## What to do
Skipping any pictures, give all of the records below again exactly.

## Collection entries
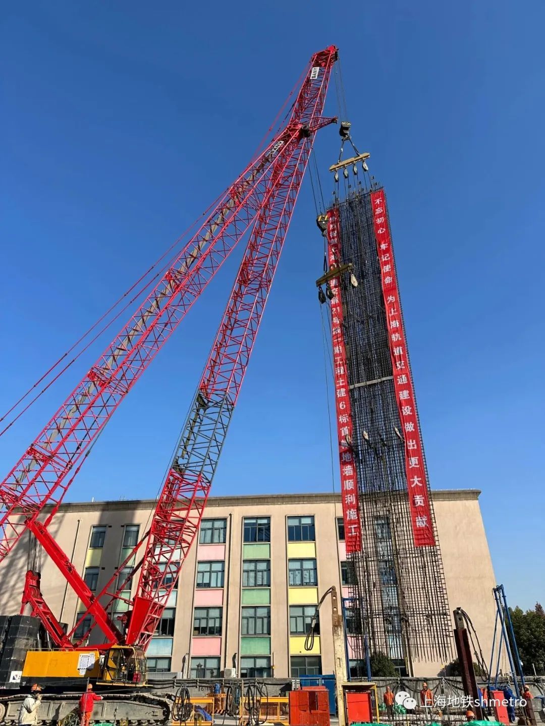 本次施工的首幅地墙E34宽6米,深47米。12月20日,经建设集团第四分公司、总体院、工点院、监理及施工各方验收首幅钢筋笼合格后,采用250吨和150吨履带吊双机抬吊完成钢筋笼起吊、拼装、入槽。
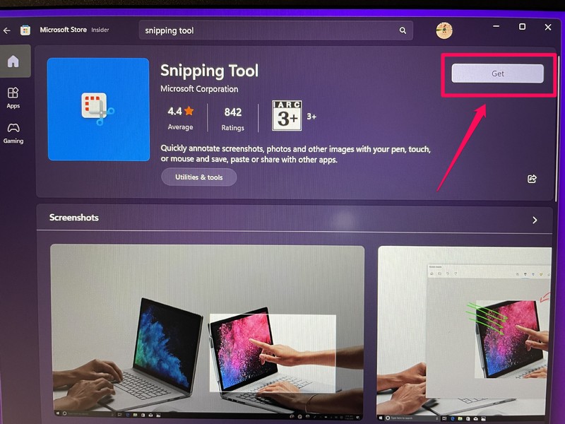 4.Efter afinstallationen,åbne Microsoft Storeog brug søgelinjen til at finde appen Snipping Tool.
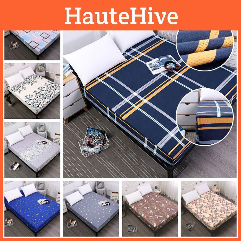 Элегантный защитный чехол для матраса с принтом в цветочные полосы и пыленепростыней на резинке
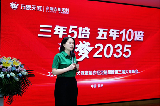 旺德府家居集團新零售定制業(yè)務中心副總經(jīng)理張孟華女士分享萬象天冠高端衣柜定制門店運營管理體系,以實例與成果展現(xiàn)亮眼表現(xiàn)。客流量、成交率、客戶滿意度三指標引領行業(yè),閉環(huán)體系的高效運轉,印證了萬象天冠品牌在終端市場的穿透力。
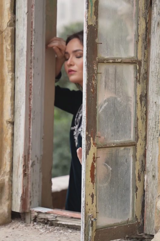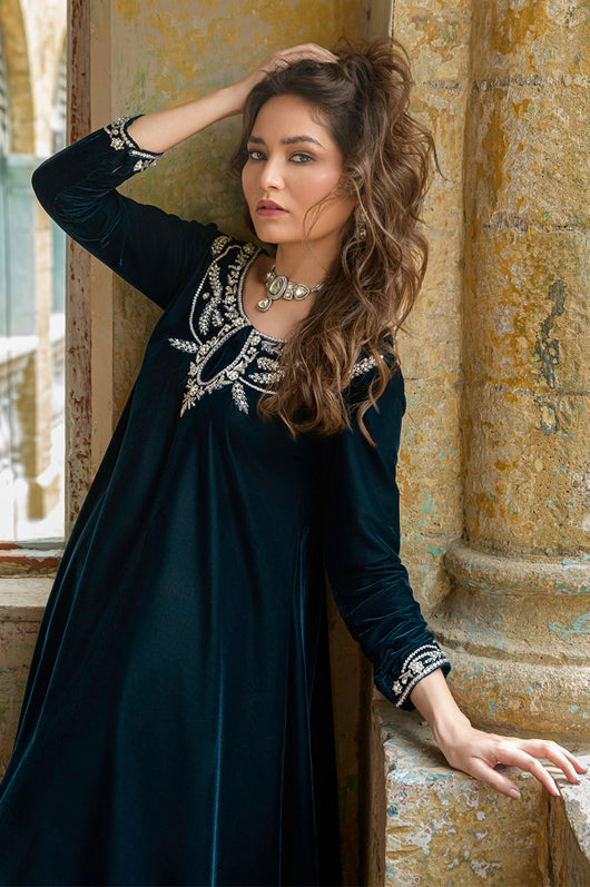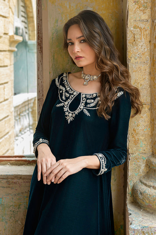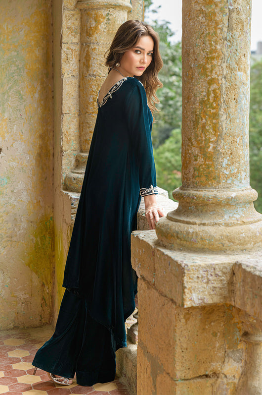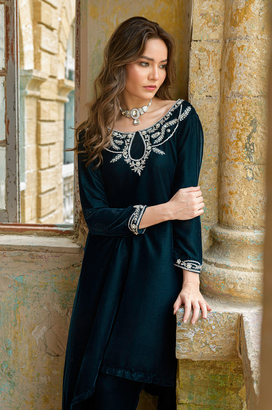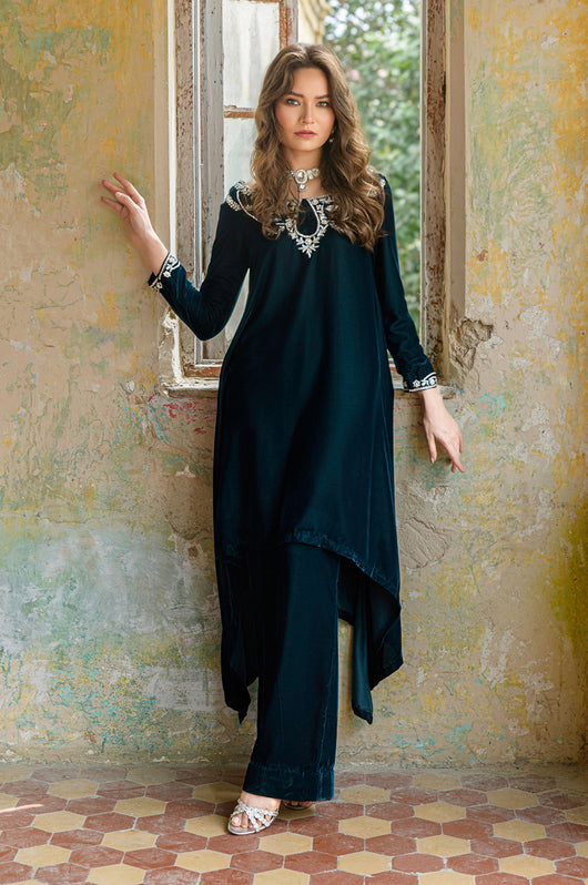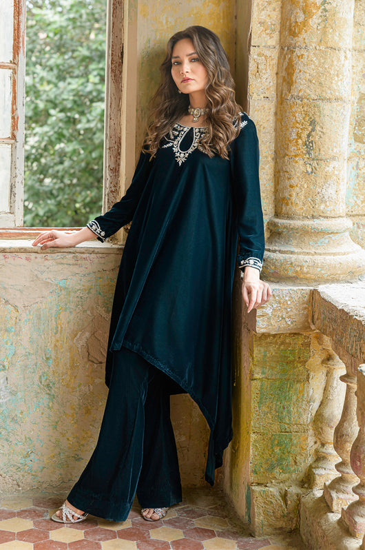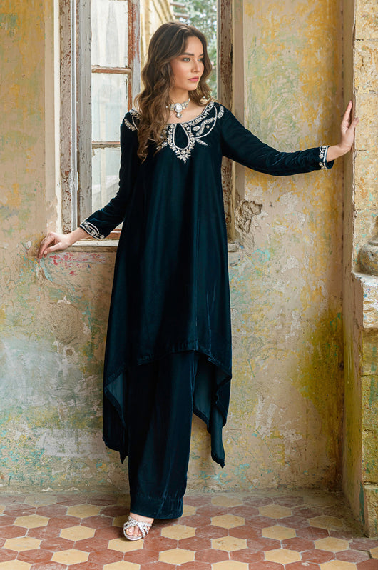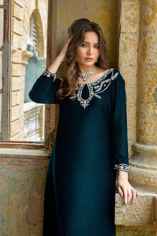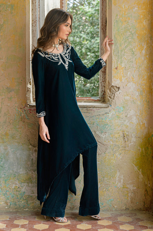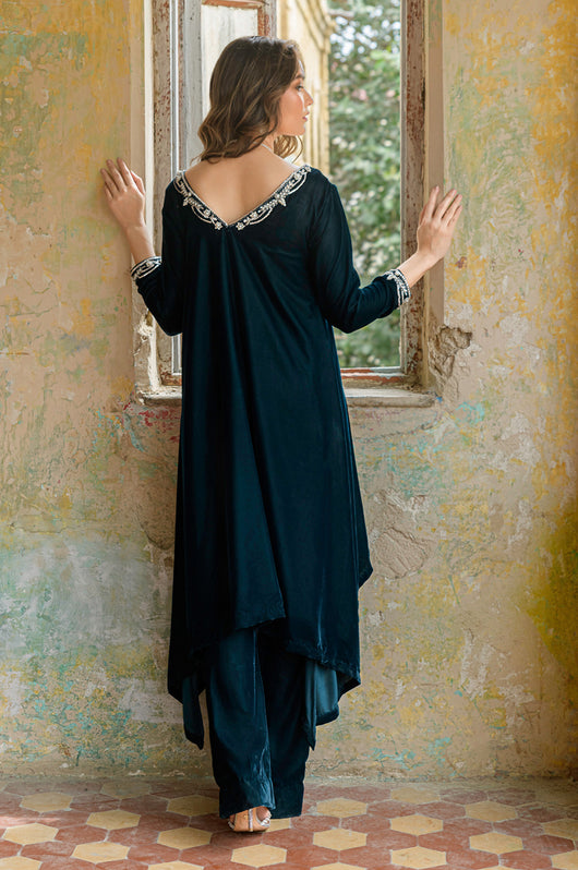 Tess is a draped style short shirt, length 36 cut in a way it hangs on the sides. The dress is made in teal blue velvet with embellished neckline and sleeves and a low back in all silver work. Perfect for dinner parties, birthdays, bridal showers, baby showers. Length can be customized.
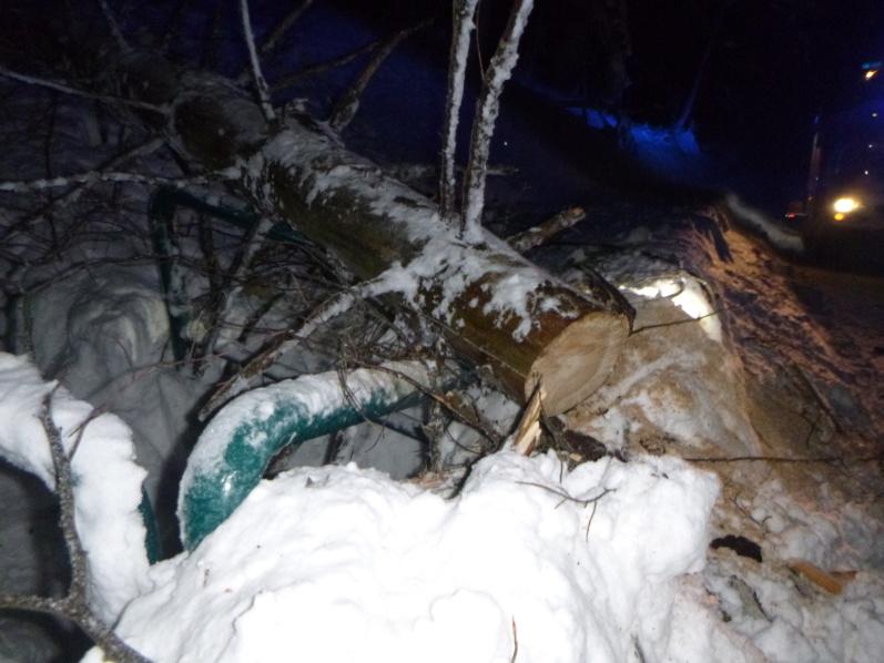Profesionální hasiči z Trutnova zasahovali u dopravní nehody, kdy osobní automobil narazil do spadlého stromu. Vozidlo bylo lehce poškozeno, řidička vyvázla bez zranění. Hasiči spadlý strom rozřezali a odstranili.

## Result
 本次施工的首幅地墙E34宽6米,深47米。12月20日,经建设集团第四分公司、总体院、工点院、监理及施工各方验收首幅钢筋笼合格后,采用250吨和150吨履带吊双机抬吊完成钢筋笼起吊、拼装、入槽。
 4.Efter afinstallationen,åbne Microsoft Storeog brug søgelinjen til at finde appen Snipping Tool.
 Элегантный защитный чехол для матраса с принтом в цветочные полосы и пыленепростыней на резинке
 旺德府家居集團新零售定制業(yè)務中心副總經(jīng)理張孟華女士分享萬象天冠高端衣柜定制門店運營管理體系,以實例與成果展現(xiàn)亮眼表現(xiàn)。客流量、成交率、客戶滿意度三指標引領行業(yè),閉環(huán)體系的高效運轉,印證了萬象天冠品牌在終端市場的穿透力。
 Tess is a draped style short shirt, length 36 cut in a way it hangs on the sides. The dress is made in teal blue velvet with embellished neckline and sleeves and a low back in all silver work. Perfect for dinner parties, birthdays, bridal showers, baby showers. Length can be customized.
Profesionální hasiči z Trutnova zasahovali u dopravní nehody, kdy osobní automobil narazil do spadlého stromu. Vozidlo bylo lehce poškozeno, řidička vyvázla bez zranění. Hasiči spadlý strom rozřezali a odstranili.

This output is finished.